Ewan McKenna is bang on the button!
The fact that for every €2.63 spent on youth development in Mayo from central funds, Dublin gets €11.73 should be cause enough for unease. This massive imbalance of resources cannot be sustained long term. Galway fares out even worse than Mayo. Indeed all along the western seaboard the counties that need the most receive the least.
For me, McKenna did not go far enough.
The advantages of having superclubs so big that they have more juvenile players than, Roscommon, Sligo, Fermanagh, Leitrim or Cavan ( and that was more than 20 years ago) are obvious enough.

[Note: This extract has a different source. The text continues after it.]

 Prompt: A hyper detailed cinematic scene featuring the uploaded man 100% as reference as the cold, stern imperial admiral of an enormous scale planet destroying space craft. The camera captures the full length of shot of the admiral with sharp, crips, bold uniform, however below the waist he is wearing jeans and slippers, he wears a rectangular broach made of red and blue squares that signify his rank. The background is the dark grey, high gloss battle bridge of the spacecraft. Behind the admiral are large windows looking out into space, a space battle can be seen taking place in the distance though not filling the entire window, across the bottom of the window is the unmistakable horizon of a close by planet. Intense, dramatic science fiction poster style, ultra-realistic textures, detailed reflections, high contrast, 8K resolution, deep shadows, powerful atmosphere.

But there are massive downsides also and eventually it will be become apparent to all, bar the circle-the-wagon school of logic, that what the CC is doing will be counter productive.

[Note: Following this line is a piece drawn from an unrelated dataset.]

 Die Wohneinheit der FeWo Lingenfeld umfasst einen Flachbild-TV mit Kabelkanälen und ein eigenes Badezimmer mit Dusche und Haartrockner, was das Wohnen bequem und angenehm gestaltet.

For example, a large club that will have no difficulty in attracting u8s or 9s will have to let the majority of them go by the time they are old enough to player minor.
There many be 8 or 9 grades of competition at younger levels but the number decreases as youngsters move up through the age levels.

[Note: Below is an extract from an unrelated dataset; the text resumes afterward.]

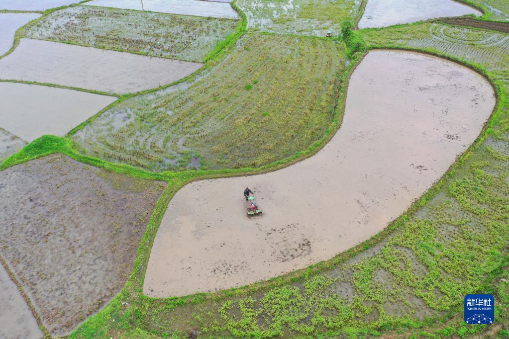 4月5日,湖南省永州市道縣白馬渡鎮樟武坊村村民在翻耕水田(無(wú)人機照片)。
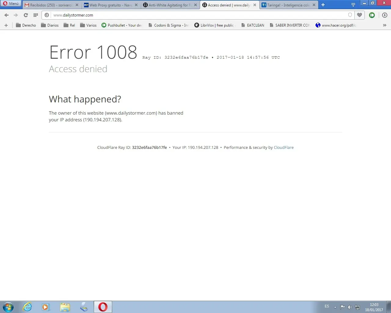 Hola gente, pésima noticia. Parece que bloquearon el dailystormer, la página Nacional Socialista más leída. Quiero ingresar a la página y pasa esto: Se puede ingresar con IP de otro país, a través de https://www.megaproxy.com.ar Y accederán a la página... Para los que hablen inglés es una excelente página, la recomiendo. Se ve que el lobby de (((ellos))) es muy fuerte en este país. (((Ellos))) nos dicen qué es lo que podemos leer y lo que no.

ASFAIK, there are only two grades at minor level; u18A and u8B. (I am not aware of any u18c grade but I may well be wrong on that.
So, the GAA/Dublin County Board policy is to attract kids at an early age, provide them with the best facilities and coaching available and then turf them out on a gradual basis as they get older.
I think it’s a no-brainer to say that the earlier a juvenile is forced to drop out of GAA activities, the less likely he is to retain an attachment with club he had been involved with.
If, say, there were four medium-sized clubs in an area, there could be at least four times as many u18s engaged in competitive football as there would be in a single super sized one.
Put anyway you like, whatever the present policy of youth development may be, it benefits nobody.